With these definitions in place, we can now formally define what it means for a Turing machine to “compute” a language.

Definition. The Turing machine $M$ decides the language $L \subseteq \{0,1\}^*$ if it accepts every $x \in L$ and rejects every $x \notin L$.

A language is decidable if and only if there is a Turing machine that decides it. (The set of all decidable languages is also known as the set of recursive languages.)

Note that the definition is equivalent to requiring the deciding Turing machine to always halt on all inputs and to accept if and only if the input is in the language. If we relax the requirement that the Turing machine must halt on all inputs but keep the requirement that the set of inputs accepted by the machine $M$ is exactly the set of strings in a language $L$, we obtain a weaker notion of computation that we denote by saying that $M$ recognizes the language $L$.

Universal Turing Machine

Turing machines can decide many simple languages, and to become familiar with them it is a useful exercise to design Turing machines for your favourite one. (E.g., can you design a Turing machine to decide the language of all palindromes? Of all strings that contain more $1$s than $0$s? Of the strings that represent the binary encodings of powers of $3$?)

But Turing machines can also accomplish surprisingly complex tasks. Perhaps the most far-reaching such result, first established by Alan Turing himself, is that there is a Universal Turing Machine that can simulate all other Turing machines.

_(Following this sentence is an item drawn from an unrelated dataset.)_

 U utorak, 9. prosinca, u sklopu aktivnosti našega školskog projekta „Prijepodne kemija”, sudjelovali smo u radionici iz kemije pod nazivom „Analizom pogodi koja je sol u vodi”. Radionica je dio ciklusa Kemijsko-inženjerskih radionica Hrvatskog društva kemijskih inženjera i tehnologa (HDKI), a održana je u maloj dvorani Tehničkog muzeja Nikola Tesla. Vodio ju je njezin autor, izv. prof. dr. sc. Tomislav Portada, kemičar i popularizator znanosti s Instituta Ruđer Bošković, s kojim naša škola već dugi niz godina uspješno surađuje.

To properly introduce the universal Turing machine, we start with a basic observation.

Proposition 1. There is an encoding that maps each Turing machine $M$ to a binary string $\left< M \right> \in \{0,1\}^*$.

Proof. The proposition is an immediate consequence of the fact that Turing machines have a finite description.

Or we can describe an explicit encoding in the following way. Consider the machine $M = (m,k,\delta)$. The positive integers $m$ and $k$ can be encoded by taking their binary representation. And the transition function $\delta$ can be represented as a table of $m \cdot (k+2)$ entries (one for each internal state-tape symbol pair). Each of these entries can be encoded as a binary string. We can combine all these elements into a single binary representation to obtain the final encoding of $M$.

We say that a Turing machine $S$ simulates machine $M$ on input $x \in \{0,1\}^*$ when $S$ accepts if and only if $M$ accepts $x$, $S$ rejects if and only if $M$ rejects $x$, and in both cases $S$ ends with the same content on the tape as $M$ does.

We can now show that there exists a single Turing machine that can simulate all the other ones in the following precise sense.

Theorem 2. There is a Universal Turing Machine $U$ such that for every Turing machine $M$ and every input $x \in \{0,1\}^n$, when the input to $U$ is the string $\left< M \right> x$ then $U$ simulates the execution of $M$ on input $x$.

Proof. We give a high-level description of $U$. A quick warning: it is not immediately clear how all the steps below can be implemented using Turing machines. For a great exercise, see if you can fill out the details for the implementation of some of these steps.

As a first step, the machine $U$ turns the input $x$ into the initial configuration of $M$ by adding a special symbol $\mathbf{1}$ at the beginning of $x$ to turn it into the string $\mathbf{1}x$. Then it proceeds to simulate the execution of $M$ step by step. Each computational step is simulated by following a 3-stage process.

Read the current state $\mathbf{q}$ and the symbol $a$ at the tape head in $M$’s current configuration.

Go back to the encoding $\left< M \right>$ of $M$ to read the entry $\delta(\mathbf{q},a)$ of its transition table.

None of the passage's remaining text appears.